• **Instructions to follow**:
Each line from the one holding "Lenjerie de pat" to the last line of the listing must be set down exactly. No pictures are to be included.

• **Available data**:
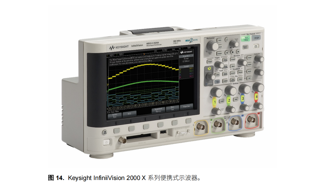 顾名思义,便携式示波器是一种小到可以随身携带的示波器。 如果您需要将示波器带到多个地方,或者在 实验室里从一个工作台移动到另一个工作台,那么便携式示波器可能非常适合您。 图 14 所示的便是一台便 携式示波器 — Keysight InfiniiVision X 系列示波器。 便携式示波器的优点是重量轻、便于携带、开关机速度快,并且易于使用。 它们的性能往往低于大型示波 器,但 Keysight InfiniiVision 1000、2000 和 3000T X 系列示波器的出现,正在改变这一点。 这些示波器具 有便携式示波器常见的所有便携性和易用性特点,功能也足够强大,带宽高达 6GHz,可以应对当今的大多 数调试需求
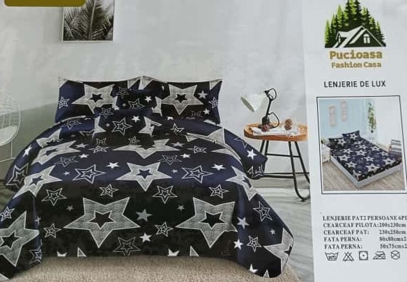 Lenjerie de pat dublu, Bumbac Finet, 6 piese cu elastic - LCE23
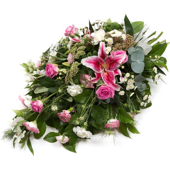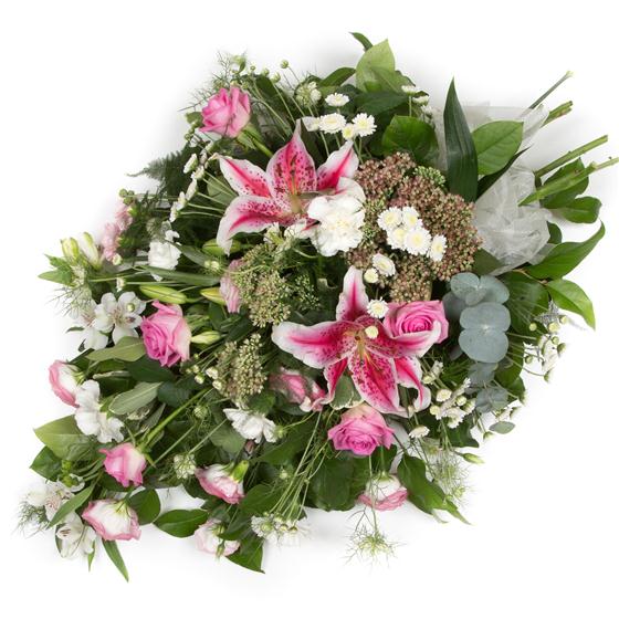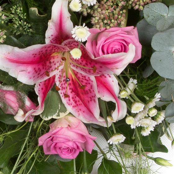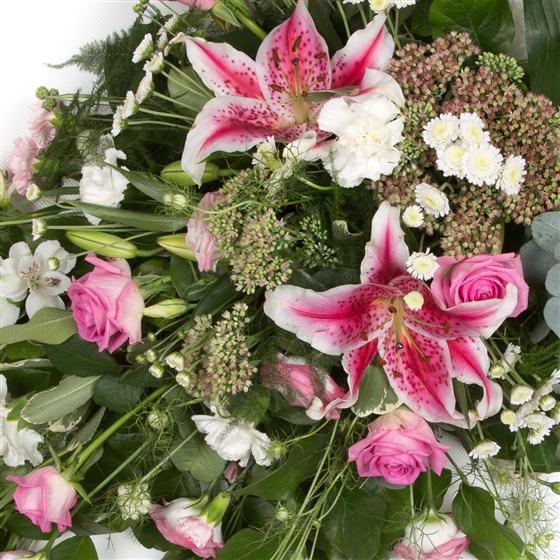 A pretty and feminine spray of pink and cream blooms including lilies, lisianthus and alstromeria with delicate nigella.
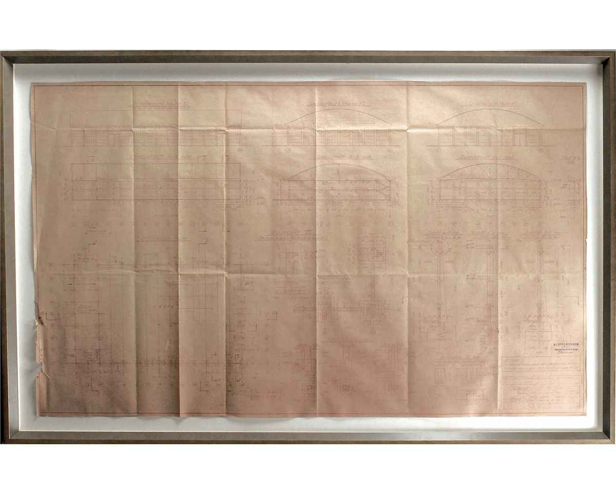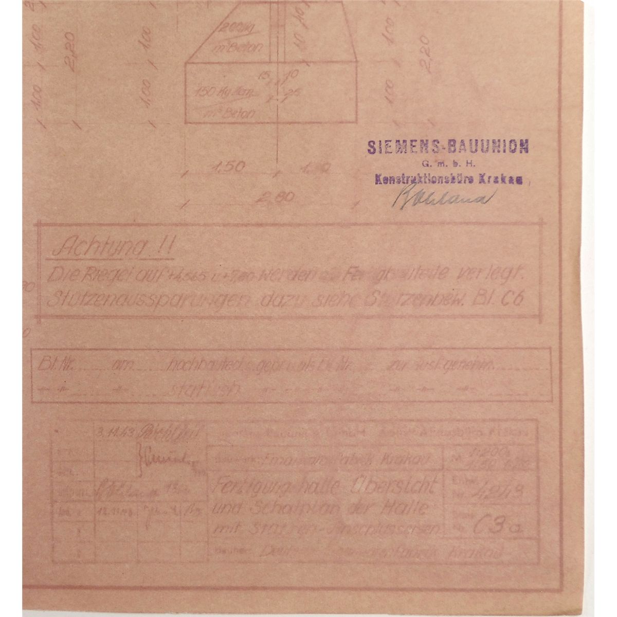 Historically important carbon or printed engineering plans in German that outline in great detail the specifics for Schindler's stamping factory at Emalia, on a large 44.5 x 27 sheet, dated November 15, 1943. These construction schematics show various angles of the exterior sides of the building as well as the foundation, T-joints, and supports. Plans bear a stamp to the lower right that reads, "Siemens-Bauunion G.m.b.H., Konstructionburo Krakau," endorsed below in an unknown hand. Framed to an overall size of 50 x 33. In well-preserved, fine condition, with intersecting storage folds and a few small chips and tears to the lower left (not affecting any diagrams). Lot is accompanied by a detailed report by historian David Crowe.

• **Result for this task**:
 Lenjerie de pat dublu, Bumbac Finet, 6 piese cu elastic - LCE23
 A pretty and feminine spray of pink and cream blooms including lilies, lisianthus and alstromeria with delicate nigella.
 Historically important carbon or printed engineering plans in German that outline in great detail the specifics for Schindler's stamping factory at Emalia, on a large 44.5 x 27 sheet, dated November 15, 1943. These construction schematics show various angles of the exterior sides of the building as well as the foundation, T-joints, and supports. Plans bear a stamp to the lower right that reads, "Siemens-Bauunion G.m.b.H., Konstructionburo Krakau," endorsed below in an unknown hand. Framed to an overall size of 50 x 33. In well-preserved, fine condition, with intersecting storage folds and a few small chips and tears to the lower left (not affecting any diagrams). Lot is accompanied by a detailed report by historian David Crowe.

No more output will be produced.